In filing with the Federal Election Commission on Saturday, Trump also expanded his potential reach by converting both his presidential campaign committee, Donald J. Trump, and his leadership PAC, Save America, into two political action committees that support other candidates for office can .

In talks with aides over the mid-term of 2022 and future election cycles, Trump has weighed up how to take revenge on the House of Representatives and Senators who cast impeachment votes against him – and the new committees could serve as his means to do so.

He took one of his first steps in that direction on Friday when he threw his support behind Max Miller, who is challenging one of the Members of the House who voted to indict Trump – Ohio Rep. Anthony Gonzalez. Miller explained his reasons for the term on Friday, accusing Gonzalez of “betraying” his constituents in northeast Ohio when he voted in favor of the former president’s indictment.

Loyalty to Trump

Respect for the former president after the January 6th events that stunned the world has underscored Trump’s firm command of the party’s grassroots base, even as much of America is moving away from his election lies and dangerous maneuver to overthrow the democratic process withdrew.

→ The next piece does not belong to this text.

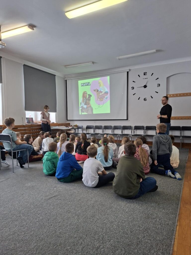 Uczniowie naszej szkoły wzięli udział w wyjątkowych warsztatach edukacyjnych z autorką książki „Przygody psa Precla”, zorganizowanych przez Gminną Bibliotekę Publiczną im. Bronisława Pietrzaka w Garbowie. Spotkanie było skierowane do uczniów klas pierwszych i starszych klas szkoły podstawowej objętych opieką świetlicową. Celem warsztatów było kształtowanie postaw odpowiedzialności wobec zwierząt domowych oraz rozwijanie empatii i zrozumienia dla naszych futrzastych przyjaciół. Podczas zajęć dzieci poznały różne zachowania psów, dowiedziały się, jak prawidłowo dbać o swojego pupila, a także aktywnie uczestniczyły w interaktywnych zabawach i ćwiczeniach związanych z czworonogami. Spotkanie było nie tylko wartościową lekcją edukacyjną, ale również źródłem radości i inspiracji do sięgania po książki oraz pogłębiania wiedzy o świecie zwierząt.

Loyalty to Trump has been shown throughout the CPAC, where panel discussions revived Trump’s debunked allegations of electoral fraud and many of the speakers downplayed the devastating effects of the Covid-19 pandemic – in line with the former president’s pattern – with many speakers pushing the restrictions Represented to stop the virus from spreading as a violation of Americans’ personal freedoms. Although polls showed Trump’s support waned after the Capitol uprising, his approval ratings among Republicans have since rebounded. Three-quarters of Republicans said they wanted Trump to play a prominent role in the GOP going forward, according to the Quinnipiac University poll released earlier this month, although 68% of Americans said the former president hadn’t done enough to stop the riot.

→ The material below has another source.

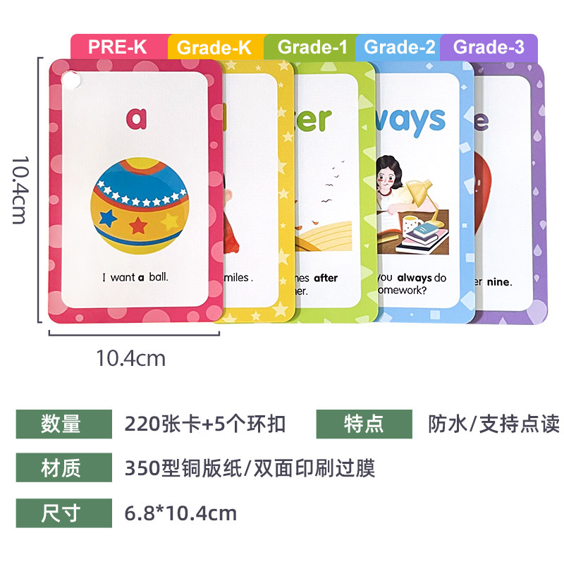 220个高频词闪卡片小达人小蝌蚪点读sight words单词句子学习早教

Trump’s speech at the CPAC will also give him another glimpse into the revisionist story of his handling of the Covid-19 pandemic, not long after the nation recorded 500,000 coronavirus deaths. Political conference speakers largely planned President Joe Biden’s $ 1.9 trillion bailout package that narrowly passed the House early Saturday morning with all Republicans and two Democrats opposed to the law.

CPAC attendees applauded Noem as they met Dr. Anthony Fauci, the best infectious disease specialist in the country, criticized. “I don’t know if you will agree with me, but Dr. Fauci is very wrong,” said the former congresswoman.

Noem rose to prominence within the GOP over the past year by refusing to give home stay contracts in her sparsely populated state and rejecting demands for mask mandates from the government.

“In South Dakota, I gave our employees all the information we had and then I trusted them to make the best decisions for themselves, for their families, and in return for their communities,” Noem said on Saturday . “We have to show the people how arbitrary these restrictions are – and what coercion, what violence and what anti-freedom steps the governments take to enforce them.”

Biden offered a diametrically different message about fighting the virus on Saturday morning when he welcomed the adoption of his aid package in the house: “We have no time to lose. If we act now resolutely, quickly and courageously, we can finally move forward.” this virus. “

“We can finally get our economy going again, and the people of this country have suffered far too much for far too long,” Biden said in a remark at the White House. “We have to alleviate this suffering.”

This story has been updated.

Jim Acosta and Eric Bradner contributed to this report.